There is no doubt that a city government has the power to enact ordinances regulating
the installation and maintenance of electric power lines or wires within its territorial
jurisdiction. The power subsists notwithstanding the creation of the National
Electrification Administration (NEA), to which body the franchise powers of local
government units were transferred by Presidential Decree No. 269. Section 42 of the
Decree states:
This particular power of the city government is included in the enumeration of powers
and duties of a Sangguniang Panlungsod in Section 177 of the Local Government Code
(Batas Pambansa Blg. 337, February 10, 1983), to wit:
(j) . . . regulate the digging and excavation for the laying of gas, water,
power, and other pipelines, the building and repair of tunnels, sewers and
drains, and all structures thereunder; the placing, stringing,
attaching, installing, repair and construction of all gas mains, electric,
telegraph and telephone wires,conduits meters and other apparatus,
and the correction, condemnation of the same when dangerous or
defective;
The power to inquire into the efficiency of the service supplied by electric cooperatives
is within the franchising powers of the NEA under Sec. 43 of Pres. Dec. No. 269, i.e.:
(2) to repeal and cancel any franchise if the NEA finds that the holder
thereof is not then furnishing, and is unable to or unailling within
reasonable time to furnish adequate and dependable service on an area
coverage within such area;
In the exercise of this power, the NEA may conduct hearings and investigations, issle
subpoenas and invoke the aid of the courts in case of disobedience to its subpoenas
(Sec. 47 & Sec. 54, P.D. 269).

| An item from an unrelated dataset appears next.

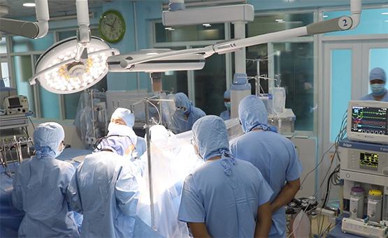 Chuyển giao kỹ thuật, đầu tư trang thiết bị hiện đại cho BV tuyến dưới là một trong những giải pháp giảm tải BV. Trong ảnh: Một ca phẫu thuật tim tại BV Q.Thủ Đức

Clearly, then, the Sangguniang Panlungsod of
Dumaguete cannot look into an suspected failure of NORECO II to comply with the
standards of electric service prescribed by law and in its franchise. The proper recourse
is to file a complaint with the NEA against NORECO II if there be sufficient basis
therefor.
WHEREFORE, the subpoena dated October 25, 1985 requiring the attendance and
testimony of the petitioners at an investigation by the respondent Ad-Hoc Committee,
and the Order issued by the latter on October 29, 1985 directing herein petitioners to
show cause why they should not be punished for legislative contempt for their
disobedience of said subpoena, is declared null and void for being ultra vires. The
respondent Sangguniang Panlungsod and the respondent Ad-Hoc Committee are
without power to punish non- members for contempt. The Temporary Restraining Order
issued by this Court on November 7, 1985 enjoining said respondents, their agents and
representatives, and the police and other peace officers from enforcing the aforesaid
Order of the respondent committee is made permanent. Petition is GRANTED. No
costs.
SO ORDERED
Teehankee, C.J., Yap, Fernan, Narvasa, Melencio-Herrera, Gutierrez, Jr., Cruz, Paras,
Gancayco, Padilla, Bidin and Sarmiento, JJ., concur.